А в следующую минуту рядом оказалась Элеонора, такая милая-милая-милая, и сама, без всяких просьб с его стороны, раскрыла ему объятия.
После лекции были закуски и обычная светская болтовня. Элеонору со всех сторон облепили благодарные слушатели, а Уилл забился в угол, где на него тоже насел целый взвод совершенно незнакомых людей, хлопавших его по плечу, хватавших за локоть, бивших по спине и щедро делившихся непрошенными советами, благими мыслями и выражениями неподдельной заботы. Это было мучительно и продолжалось по меньшей мере в течение трех стаканов молока (Уилл уже привык измерять время порциями своей молочной диеты, ибо они поступали к нему с регулярностью, которой позавидовали бы колокола церкви Святого Евстахия в Петерскилле).
Наконец Лайтбоди остался наедине с Элеонорой. Она взяла его за руку и решительно повела к двери.
Интересно, куда?
Казалось, что от нее исходит ослепительное сияние, куда более жаркое, чем синусоидная ванна или «горячая перчатка».
Элеонора была довольна собой. Она сделала благое дело для Санатория, создала ему отличную рекламу, а главное – ее прекрасно приняла аудитория. Теперь все будут говорить о ее речи.
– Ты видел, как они все толпились вокруг меня? Так стиснули, что я едва могла вздохнуть. Уилл, ах, Уилл! – захлебнулась она, взяв его под руку и по-девичьи прислонившись головой к его плечу. – Ты только подумай, какая честь! Выступать перед всеми этими людьми – перед Синклерами, а там, в дальнем конце стола, сидела такая темная, эффектная женщина, похожая на цыганку, ты видел? По-моему, это была сама Мета! Ну и, конечно, Хорейс Б. Флетчер. А видел такого маленького смешного человечка во всем черном, как будто он пришел на похороны? Это Элмус Оверстрит, банкир. Знаешь, что он мне потом сказал? Ну просто душка!
Уилл прижимал к себе руку жены. Чудесное было ощущение. Исходящее от жены электричество так и заструилось по его телу.
– Ну, и что он сказал? Подожди, дай угадаю. Он приглашает тебя стать его партнером?
Лайтбоди, не сдержавшись, расхохотался. Очень уж славно он чувствовал себя в эту минуту.
– Нет, я знаю! – продолжил он. – Он хочет предложить тебе совершить лекционное турне, чтобы ты советовала женам, как нужно спасать их спившихся мужей.
– Не говори глупостей, Уилл.
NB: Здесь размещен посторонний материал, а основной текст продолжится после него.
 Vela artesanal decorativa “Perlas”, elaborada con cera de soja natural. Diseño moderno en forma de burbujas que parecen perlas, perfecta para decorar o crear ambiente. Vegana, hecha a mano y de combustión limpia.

Хотя, конечно, ты ужасно милый. Я так счастлива, что ты сюда приехал. – Она помолчала, улыбнулась. О, ее губы и зубы! О, как же он ее любил! – Мистер Оверстрит сказал, что не слышал такой прочувствованной речи с того самого дня, когда Джон Л. Салливан выступал на ужине в Элкс-Лодже, описывая, как его сгубило пьянство. И еще Оверстрит сказал, что ты самый счастливый мужчина на свете. Он сказал, что с такой женой ты обязательно поправишься. Конечно, обычная вежливость, но все равно очень мило с его стороны…
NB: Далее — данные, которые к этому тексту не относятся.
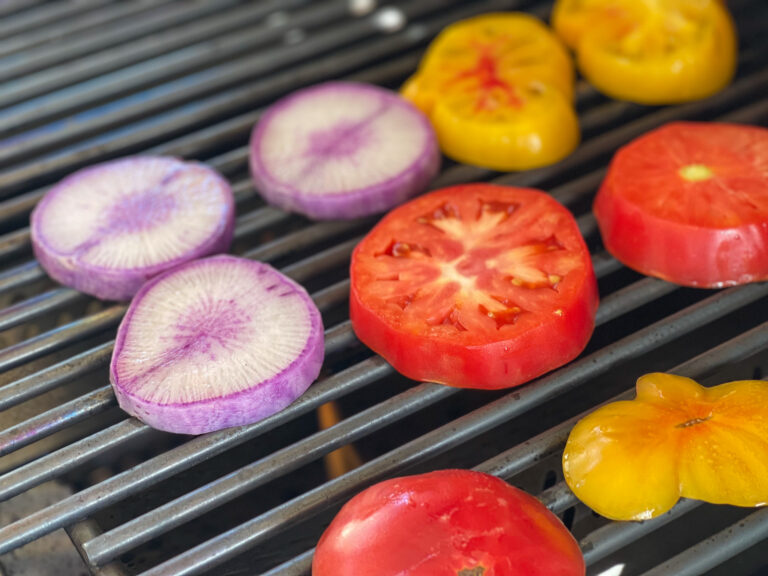 With the summer almost here I love noshing on a fresh salad full of flavor and crunch. One of my favorite summer salads is a grilled heirloom tomato and purple daikon burrata salad. It has the right balance of crunch and richness that makes it the perfect salad to enjoy with dinner or on its own. What makes the salad really sing is grilling the combination of heirloom tomatoes and pairing it with crisp purple daikon topped with velvety burrata cheese.

Они уже подходили к лифту, где вместо болтливого дневного лифтера дежурил вечерний – весьма сдержанный джентльмен, странновато смотревшийся в тесной ливрее попугайского зеленого цвета, точно такой же, как у портье и носильщиков.
– Может, и из вежливости, но он был прав – я и есть самый счастливый мужчина на свете, – сказал Лайтбоди, пропуская жену вперед. – И я рад, действительно рад, что ты привезла меня с собой.
Вообще-то он заготовил целую речь и, пока она выступала, мысленно произнес ее про себя. Хотел признать свои ошибки, покаяться, сказать, что только теперь понял ее правоту, хотя, конечно, вряд ли стоило так уж откровенничать перед всеми этими чужаками. Он открыл было рот, но до покаянной речи так и не дошло.
– Какой этаж? – спросил ночной лифтер густым похоронным голосом, словно хотел узнать, на каком участке кладбища они выбрали себе могилу. Уилл сбился, не зная, что ответить.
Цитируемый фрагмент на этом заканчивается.